• Input records
··········

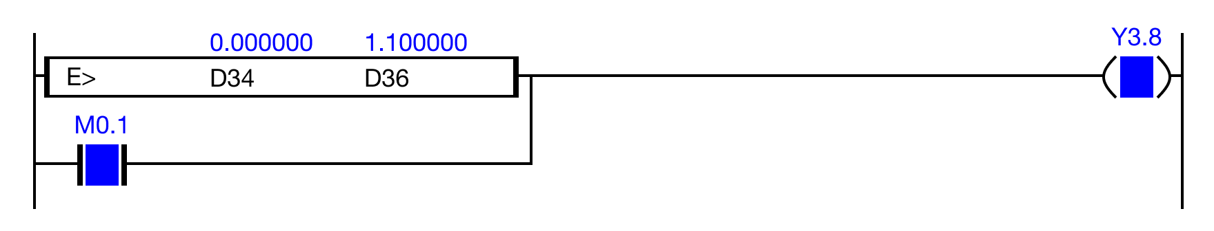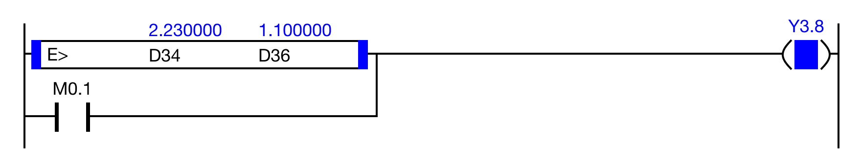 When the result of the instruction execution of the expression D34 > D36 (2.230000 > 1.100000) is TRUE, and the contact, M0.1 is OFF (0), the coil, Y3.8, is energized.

··········

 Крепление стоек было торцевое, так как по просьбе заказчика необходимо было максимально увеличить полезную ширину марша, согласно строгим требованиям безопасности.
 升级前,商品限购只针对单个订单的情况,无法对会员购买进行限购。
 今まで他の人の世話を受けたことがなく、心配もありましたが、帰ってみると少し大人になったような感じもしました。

··········

• Directions
Would you retype the lines above from the one with "升级前,商品限购只针对单个订单的情况,无法对会员购买进行限购。" down to the one with "今まで他の人の世話を受けたこ", word for word, both ends included and no other lines?

• Result of this exercise
 升级前,商品限购只针对单个订单的情况,无法对会员购买进行限购。
 今まで他の人の世話を受けたことがなく、心配もありましたが、帰ってみると少し大人になったような感じもしました。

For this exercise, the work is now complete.